Failure Is Always an Option
Diana Nyad is a marathon swimmer known for amazing feats achieved in her youth that include swimming the 28 miles around Manhattan and the 102 miles from the Bahamas to Florida. While still in her twenties, she attempted to swim from Cuba to Florida, which she did not complete.
Her accomplishments are astonishing. Imagine swimming for eight hours and eleven minutes as she did when swimming around Manhattan. That’s hard enough. Now try to picture swimming for 27 and a half hours as she did to complete the Bahamas to Florida swim. It’s almost unfathomable (sea pun).
Beyond her accomplishments, though, what Nyad did so well was fail.
She failed to finish that first swim from Cuba to Florida when she was 28. At 60, she decided to try again, but the swim was canceled due to weather. She had to postpone a year and attempted the swim at age 61. She failed. So she tried again. She failed. She tried four times and failed every time. Various factors were involved: shoulder pain, asthma, currents, weather, and jellyfish stings.
So much was out of her control that failure was always more likely than success.
The goal was to swim unassisted, which means that Nyad could stop to tread water or float but never touch the side of the boat accompanying her or be touched by any of the crew.
But it is a dangerous goal, impossible to do alone, so each swim involved a team to support her, including, among others, her best friend who served as a coach, a navigator, a medic, and a crew who used specialized equipment to protect her from sharks since she swam without a cage.
Her failure was the failure of the entire crew, who were risking their own well-being and financial welfare on her behalf.
Every attempt was a public failure. The swim was newsworthy. The failures were reported on the news.
She persevered anyway.
Nyad has written her own account of her eventual success, which happened in late summer 2013. The swim took 53 hours. To mark the tenth anniversary of the swim, Netflix released a film chronicling her adventure from when she conceives of the idea until she at last succeeds.
I watched the film Nyad last night on an auspicious occasion. Nyad first attempted the swim at 28, and it was 28 years since the day I got married. She succeeded in 2013, the year I was divorced. There was no 28th anniversary. In other words, my marriage failed.
I’ve been thinking too much about failure of late. Someone I care about is needing to pass a major exam and is struggling with the fear of failure. I’ve been worrying about my own failure as I write a second book. My first is a success in so far as it was published, but it didn’t sell well. Will this new book even find a publisher?
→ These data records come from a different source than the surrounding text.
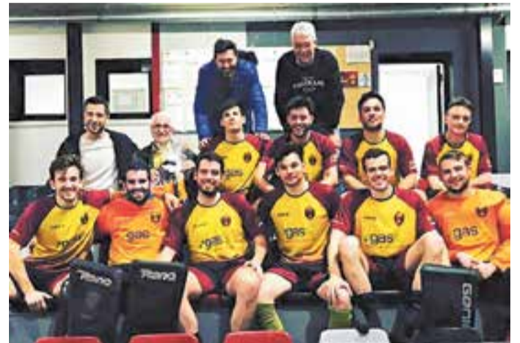
L'HC Castellar va tancar la temporada amb una derrota contundent.
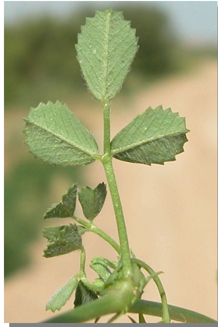
M. polymorpha . Detalle de la hoja: envés
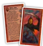
Тінь (3) Карти темних ватажків
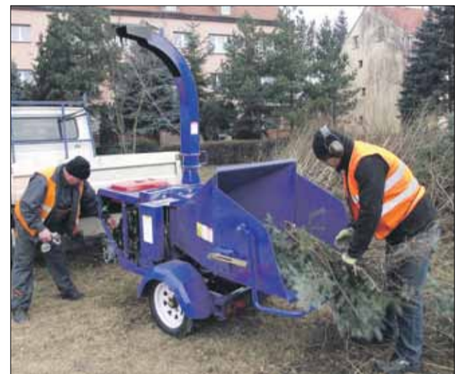
JO Rębak kosztował około 40 tys. zł

w Strzelinie Ryszard Piestrak. - Do tej pory pracownicy wywozili je samochodem dostawczym do Muchowca, gdzie ulegały utylizacji. Wiązało się to jednak z częstymi kursami, a co za tym idzie większymi kosztami prowadzonych prac. Dzięki zakupionemu rębakowi gałęzie są kruszone, a trociny wywożone, albo pozostawiane jako naturalna ściółka – dodaje. Rębak kosztował około 40 tys. zł.
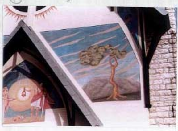
Boia dopo il restauro
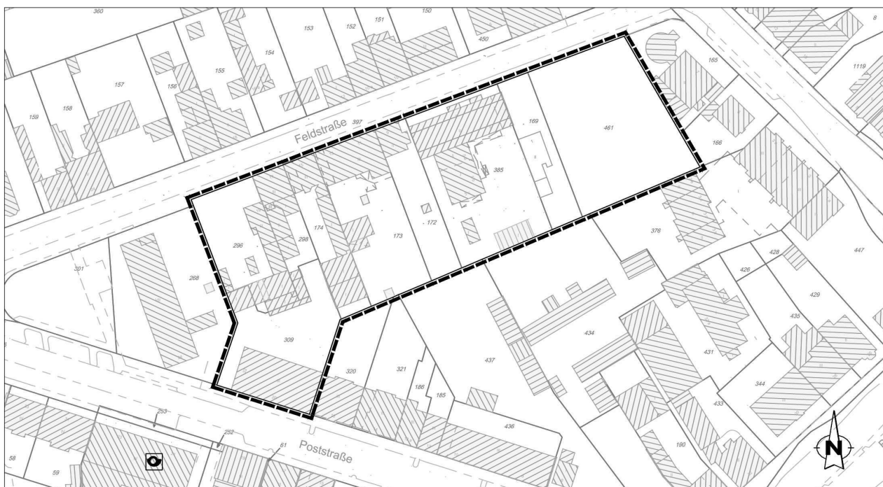
Bebauungsplan Nr. 10D für den Bereich südlich der Feldstraße Plangebiet (ohne Maßstab)

Der Entwurf des Bebauungsplanes inkl. Begründung kann mit den weiteren Unterlagen auch im Internet unter www.hilden.de/bplanverfahren => Hilden-Mitte => 10D eingesehen werden. Auf den zur Orientierung veröffentlichten Kartenausschnitt wird hingewiesen.
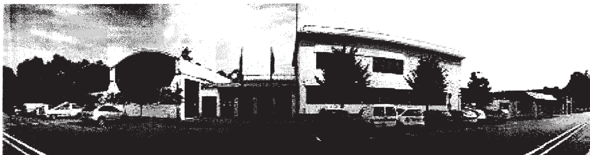
Tabella 1.1 – Anagrafica della scuola
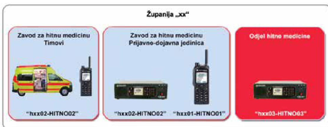
Slika 5.3. Hitna služba unutar županije (23)

Bez obzira o kojemu se radnom mjestu unutar hitne medicinske službe radilo, da li je riječ o medicinsko-prijavno dojavnoj jedinici (MPDJ) ili dispečerskoj službi, objedinjenom hitnom bolničkom prijemu, sanitetskom prijevozu ili timovima hitne medicinske pomoći, komunikacijski su procesi prisutni na različitim razinama kao što prikazuje Slika 1 (13).
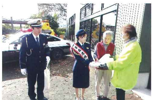
12月・養老SAで啓発活動

If published, will anyone read it? Am I wasting hours upon hours of my life to write a book that never meets the public?
I’m a writing teacher, so I know better. I’m not following the advice that I’ve given to my students repeatedly over decades of teaching. I’m not taking to heart the advice given by writers I admire such as Ann Patchett and David Sedaris who say just write. You write for the sake of writing. Thinking about all the rest only makes the writing unpleasant, if not impossible.
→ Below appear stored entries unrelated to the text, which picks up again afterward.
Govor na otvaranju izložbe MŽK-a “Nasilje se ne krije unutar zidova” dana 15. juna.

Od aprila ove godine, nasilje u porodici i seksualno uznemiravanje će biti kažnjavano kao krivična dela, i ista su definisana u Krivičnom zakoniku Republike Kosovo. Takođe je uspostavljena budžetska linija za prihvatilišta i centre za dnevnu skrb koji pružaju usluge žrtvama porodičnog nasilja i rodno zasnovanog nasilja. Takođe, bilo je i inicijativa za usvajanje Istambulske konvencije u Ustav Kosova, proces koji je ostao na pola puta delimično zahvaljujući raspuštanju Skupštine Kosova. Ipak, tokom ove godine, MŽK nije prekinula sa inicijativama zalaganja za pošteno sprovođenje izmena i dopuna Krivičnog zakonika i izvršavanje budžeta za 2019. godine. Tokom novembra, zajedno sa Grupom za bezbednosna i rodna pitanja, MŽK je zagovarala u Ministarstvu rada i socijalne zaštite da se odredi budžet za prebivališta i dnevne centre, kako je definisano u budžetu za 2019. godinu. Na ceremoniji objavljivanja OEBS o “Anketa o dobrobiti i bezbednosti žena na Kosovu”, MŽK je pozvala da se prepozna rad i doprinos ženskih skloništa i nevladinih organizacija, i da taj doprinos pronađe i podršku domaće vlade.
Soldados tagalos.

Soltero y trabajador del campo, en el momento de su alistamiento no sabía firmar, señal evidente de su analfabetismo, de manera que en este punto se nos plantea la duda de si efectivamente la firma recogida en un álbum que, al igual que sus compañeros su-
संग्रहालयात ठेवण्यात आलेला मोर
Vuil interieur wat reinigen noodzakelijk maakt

Diana Nyad succeeded because she was willing to fail. To succeed, we must risk failure. Success and failure are inseparable.
In an odd way, swimming figured into my divorce, and as I contemplated my failure to reach my 28th anniversary while watching this incredible woman fail and fail until she succeeded, I felt gratitude that I had failed at marriage. I’m glad I took the risk because I have a wonderful daughter. I’m glad that I knew when to quit because to leave — to fail — was to succeed in my situation.
After I dried my tears from watching Nyad, I texted the friend who recommended it. She responded that the movie made her want to be strong. I replied “same.”
Now that I’ve thought about it some more, I want to revise my response.
I want to feel strong enough to embrace failure.